Just for Fun: Python Permutation Jumbles

[Anton Vredegoor]

On Thu, 31 Oct 2002 19:45:12 GMT, Alex Martelli <aleax at aleax.it>
wrote:

>Anton Vredegoor wrote:
>   ...
>> By the way, there are ways af generating permutations by index number
>> that do not have to go through the list of permutations in order to
>> return a specific permutation. This can be fast too, and it's more
>
>One simple (not necessarily fastest) way:
>
>def perm_given_index(alist, apermindex):
>    for i in range(len(alist)-1):
>        apermindex, j = divmod(apermindex, len(alist)-i)
>        alist[i], alist[i+j] = alist[i+j], alist[i]

Yes, very nice. maybe even better than using generators. Although
generators seem to be faster for small ranges.

>> practical to do it this way if the number of permutations is too big
>> to generate them all. Randomly choosing a bridge dealing is an example
>> of such a situation, although then a permutation with "multiple
>> occurences" is neccessary. There's also a solution for this specific
>
>I'm not sure what a permutation with "multiple occurrences" would be,
>nor, in particular, of why such a thing would be necessary for
>"randomly choosing a bridge deal" (a subject dear and near to my
>heart).  If you have a hypothetical pseudo-random number generator
>uniform in the range 1 to 52 factorial, perm_given_index would let
>you rearrange a bridge deck (passed in as argument alist) according
>to the random number (passed in as argument apermindex).

To get my mind out of some troubling issues concerning unemployment I
was programming permutations again today. I have a script at 

http://home.hccnet.nl/a.vredegoor/multiperm

but it's way to complicated and I am always trying to reduce it to
more managable proportions.

>
>Of course, there are fewer significantly-different bridge deals than
>there are permutations of a 52-cards deck -- a bridge player does not
>care, when the SET of spades he or she receives among his or her 13
>cards for the deal is e.g. Ace and Two, whether the Ace came before
>or after the Two, or what cards in other suits, if any, came in
>between.  The number of significantly-different bridge deals is thus
>C(52,13) times C(39,13) times C(26,13), 53644737765488792839237440000
>vs 80658175170943878571660636856403766975289505440883277824000000000000
>which is the number of permutations of the deck (52 factorial).

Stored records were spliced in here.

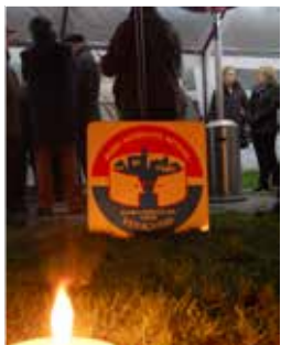
▲ BIN de Reep is het eerste buurtinformatienetwerk van Kontich.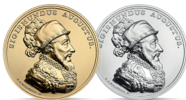
Zygmunt August (1548–1572) Emisja: 7 XII 2017 r.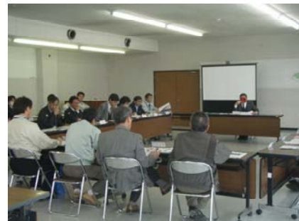
えびの水辺の楽校推進協議会（会議風景）

維持管理はえびの市が主体となり管理されますが、今後、地域の皆さんをいれた維持管理を協議していく場を設置することが確認されました。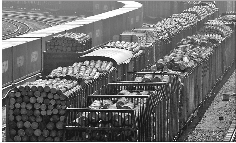
从俄罗斯运进国内的木材专列。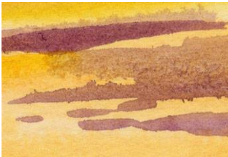
2、雲は紫にたなびかせます 適度ににじませて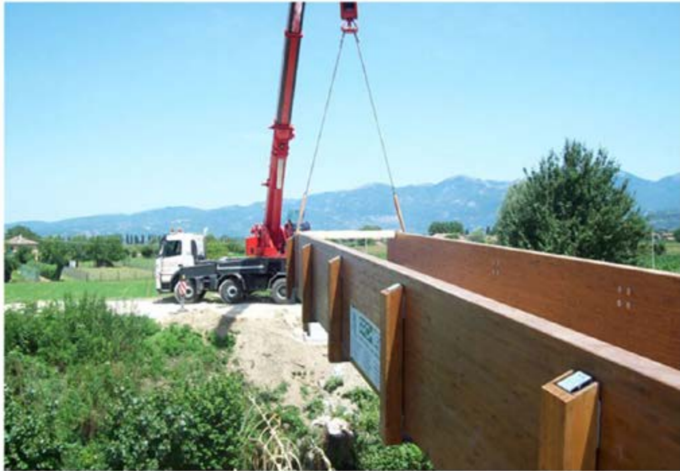
Montaggio e Trasporto Ponte Pista Ciclabile - Autogru T150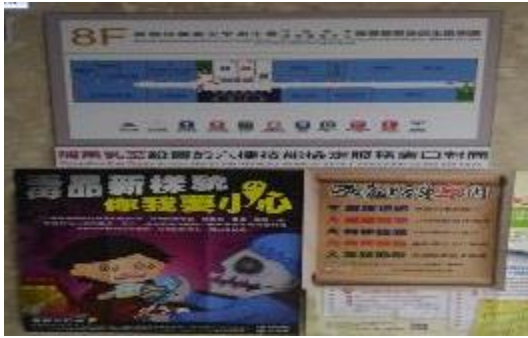
圖 16 職業安全衛生署辦公廳舍張貼反毒宣導海報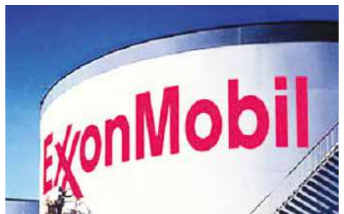
Exxon Mobil ha emprendido una campaña contra Venezuela.

"Nuestra política internacional, la diplomacia que ha hecho Venezuela, le ha permitido formar parte del conjunto de naciones de ser reconocidas como una voz comprometida con la defensa de los pueblos, pero dialogante, como ha demostrado ser, un país capaz en el marco del derecho, de defensa de la justicia", concluyó •

No, not 52! :-) but something less, as in the beginning of the
paragraph.

>But the _handiest_ way to deal a random deal, assuming for the sake
>of argument that you have a uniform real pseudorandom number generator
>u() [therefore you can just as easily generate U(N), uniform integer
>pseudorandom generators for any integer N] is still to deal the cards
>one by one just about as above:
>
>def random_deal(alist, U):
>    for i in range(len(alist)-1):
>        j = U(len(alist)-i)
>        alist[i], alist[i+j] = alist[i+j], alist[i]

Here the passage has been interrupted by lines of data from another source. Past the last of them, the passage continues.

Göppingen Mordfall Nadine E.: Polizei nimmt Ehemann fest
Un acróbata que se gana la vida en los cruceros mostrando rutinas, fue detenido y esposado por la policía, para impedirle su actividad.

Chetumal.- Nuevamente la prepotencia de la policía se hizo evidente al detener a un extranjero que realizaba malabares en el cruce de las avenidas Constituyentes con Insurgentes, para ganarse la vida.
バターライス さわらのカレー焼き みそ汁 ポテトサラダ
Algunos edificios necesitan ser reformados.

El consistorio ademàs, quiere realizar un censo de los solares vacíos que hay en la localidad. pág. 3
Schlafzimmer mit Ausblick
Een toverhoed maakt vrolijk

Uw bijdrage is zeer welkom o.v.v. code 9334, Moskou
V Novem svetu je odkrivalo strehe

I have a hardware TRNG that is perfectly able to generate long
integers in the desired range so it could be used to deal the cards at
once. This would be satisfying for even the most subtle bridge players
I think. Since it's integrated on a not so expensive motherboard it
could be interesting for bridge players to buy a MB and deal this way.

But it's not portable. I mean the hardware, the python driver for the
hardware could be portable in principle:
(windows only for now)

http://home.hccnet.nl/a.vredegoor/truerand

>Yes, there are faster ways (mostly because generating 51 pseudorandom
>numbers tends to be costly), but it's hard to beat this simplicity
>(always an important issue).  Generally the processing you want to do
>after dealing the deal swamps the effort of generating the deal itself,
>anyway (when the post-processing you want to do is _trivially_ simple,
>it may be preferable to computer whatever statistics you're after on
>the universe of ALL possible deals, than to generate a random sample
>and do some counting on the sample -- but that's another issue).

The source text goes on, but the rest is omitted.